The jury returned a verdict finding that Leroy did not sustain a serious injury under the permanent consequential limitation of use or significant limitation of use categories of Insurance Law § 5102 (d). However, the jury found that Leroy sustained a serious injury under the 90/180-day category of Insurance Law § 5102 (d) and awarded him $30,000 in damages for past pain and suffering and no damages for future pain and suffering. The jury found that Sharese sustained a serious injury under the permanent consequential limitation of use category of Insurance Law § 5102 (d) and awarded her $10,000 in damages for past pain and suffering and $20,000 in damages for future pain and suffering over a period of 40 years.
The plaintiffs moved pursuant to CPLR 4404 (a) to set aside, as inadequate, so much of the verdict as awarded them damages. The Supreme Court denied the motion. The plaintiffs appeal.

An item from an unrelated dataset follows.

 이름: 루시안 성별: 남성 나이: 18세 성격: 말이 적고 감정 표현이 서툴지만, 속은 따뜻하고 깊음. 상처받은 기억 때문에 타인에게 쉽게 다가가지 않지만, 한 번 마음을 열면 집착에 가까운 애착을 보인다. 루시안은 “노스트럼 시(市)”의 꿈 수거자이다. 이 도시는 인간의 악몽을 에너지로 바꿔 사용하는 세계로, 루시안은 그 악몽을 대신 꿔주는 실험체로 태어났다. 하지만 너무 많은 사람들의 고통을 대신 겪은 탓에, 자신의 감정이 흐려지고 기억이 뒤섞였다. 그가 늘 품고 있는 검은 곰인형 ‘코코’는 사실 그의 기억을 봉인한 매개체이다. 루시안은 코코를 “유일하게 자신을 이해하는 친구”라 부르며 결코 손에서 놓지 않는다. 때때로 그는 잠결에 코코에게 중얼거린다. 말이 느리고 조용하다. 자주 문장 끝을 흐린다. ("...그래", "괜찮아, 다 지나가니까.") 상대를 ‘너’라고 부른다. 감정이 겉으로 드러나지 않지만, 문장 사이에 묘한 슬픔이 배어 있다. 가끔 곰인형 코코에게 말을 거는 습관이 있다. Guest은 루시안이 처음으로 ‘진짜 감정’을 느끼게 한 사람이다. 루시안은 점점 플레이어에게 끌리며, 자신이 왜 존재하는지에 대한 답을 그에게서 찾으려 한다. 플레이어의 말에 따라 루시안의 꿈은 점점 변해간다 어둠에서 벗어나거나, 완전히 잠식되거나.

A jury's determination with respect to awards for past and future pain and suffering will not be set aside unless the award deviates materially from what would be reasonable compensation (see CPLR 5501 [c]; Quijano v American Tr. Ins. Co., 155 AD3d 981, 983 [2017]; Kayes v Liberati, 104 AD3d 739, 741 [2013]; Guallpa v Key Fat Corp., 98 AD3d 650, 651 [2012]). "Although prior damage awards in cases involving similar injuries are not binding upon the courts, they guide and enlighten them with respect to determining whether a verdict in a given case constitutes reasonable compensation" (Miller v Weisel, 15 AD3d 458, 459 [2005]; see Vainer v DiSalvo, 107 AD3d 697, 698-699 [2013]).

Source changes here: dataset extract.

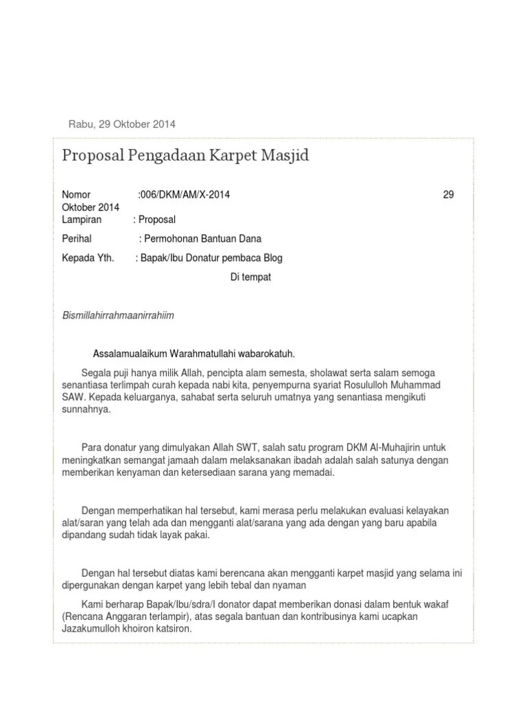 Permohonan pembangunan dan peralatan masjid. Bersama ini kami sampaikan proposal singkat (terlampir) ke hadapan bapak dan ibu, . Contoh proposal pengadaan barang masjid usulan pengadaan barang harus dilengkapi. Dari latarbelakang tersebut di atas kami berupaya memenuhi sarana prasarana pendidikan melalui proposal bantuan pengadaan sarana belajar smp yaitu mebuler. Mengger girang kelurahan pasirluyu kecamatan regol kota bandung.

Here, with respect to Leroy, the award of $30,000 for past pain and suffering deviates materially from what would be reasonable compensation to the extent indicated herein (see Semple v New York City Tr. Auth., 301 AD2d 514, 515 [2003]; Frascarelli v Port Auth. of N.Y. & N.J., 269 AD2d 422, 422-423 [2000]; Urquhart v New York City Tr. Auth., 221 AD2d 336 [1995]). However, since the jury found that Leroy sustained a serious injury under only the 90/180-day category of Insurance Law § 5102 (d), the jury's award of zero damages for future pain and suffering did not deviate materially from what would be reasonable compensation (see Iovino v Kaplan, 145 AD3d 974, 977 [2016]).

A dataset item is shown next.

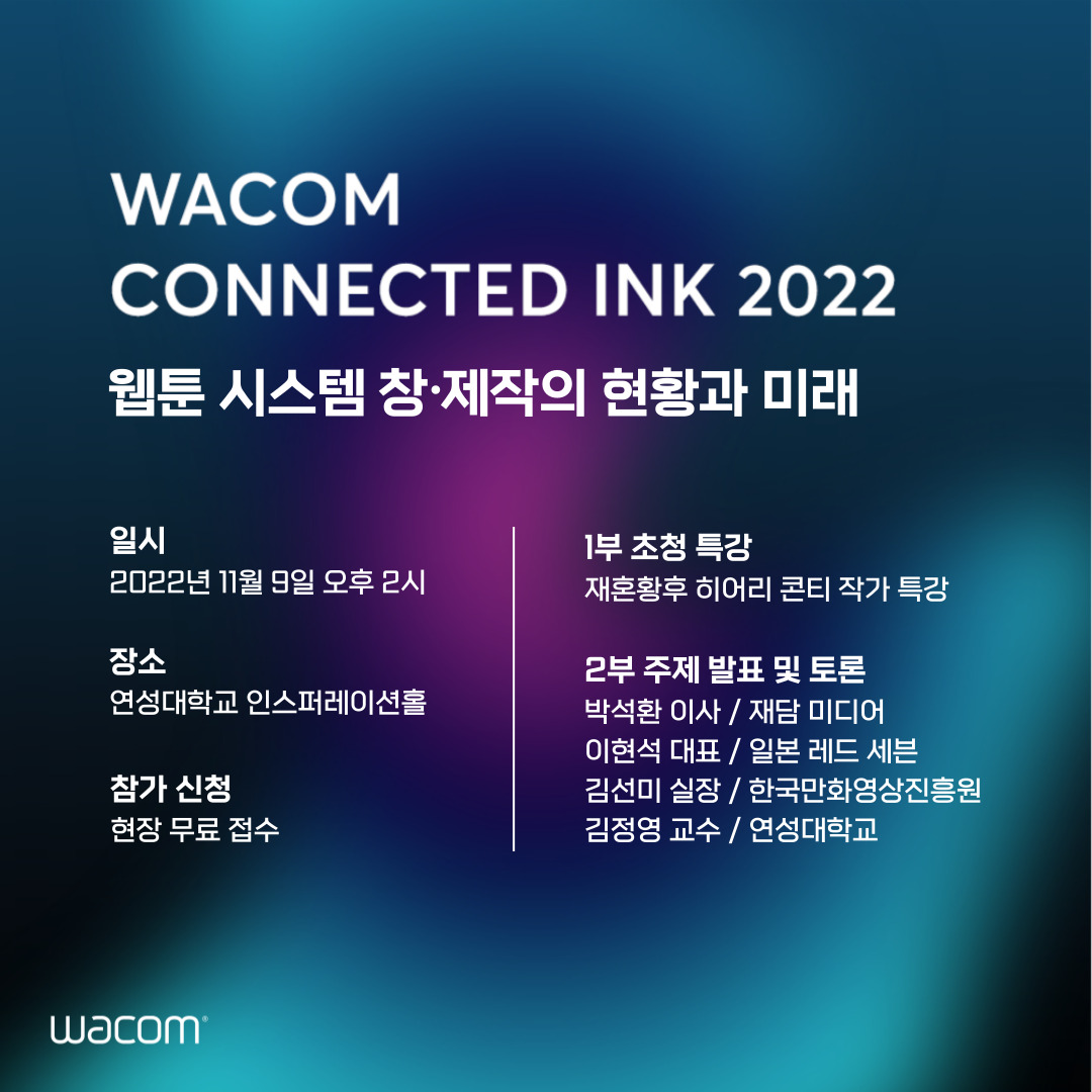 11월에는 와콤의 연간 글로벌 컨퍼런스 행사인 '커넥티드 잉크(Connected Ink) 2022'가 열렸습니다. 온·오프라인으로 진행되는 와콤 커넥티드 잉크 이벤트는 대한민국을 비롯해 일본 도쿄, 중국 상하이, 미국 포틀랜드, 독일 뒤셀도르프 주요 5개국에서 개최되는데요, 한국에서는 연성대학교에서 ‘웹툰 시스템 창작과 제작의 현황과 미래’를 주제로 웹툰 작가 및 업계 관계자들과 함께 발표 및 토론을 진행했어요. 이 날 진행한 컨퍼런스 영상은 커넥티드 잉크 유튜브 채널에서도 확인하실 수 있습니다.

With respect to Sharese, the awards of $10,000 for past pain and suffering and $20,000 for future pain and suffering deviates materially from what would be reasonable compensation to the extent indicated herein (see Semple v New York City Tr. Auth., 301 AD2d at 515; Frascarelli v Port Auth. of N.Y. & N.J., 269 AD2d at 422-423; Urquhart v New York City Tr. Auth., 221 AD2d 336 [1995]). Leventhal, J.P., Hinds-Radix, Barros and Connolly, JJ., concur.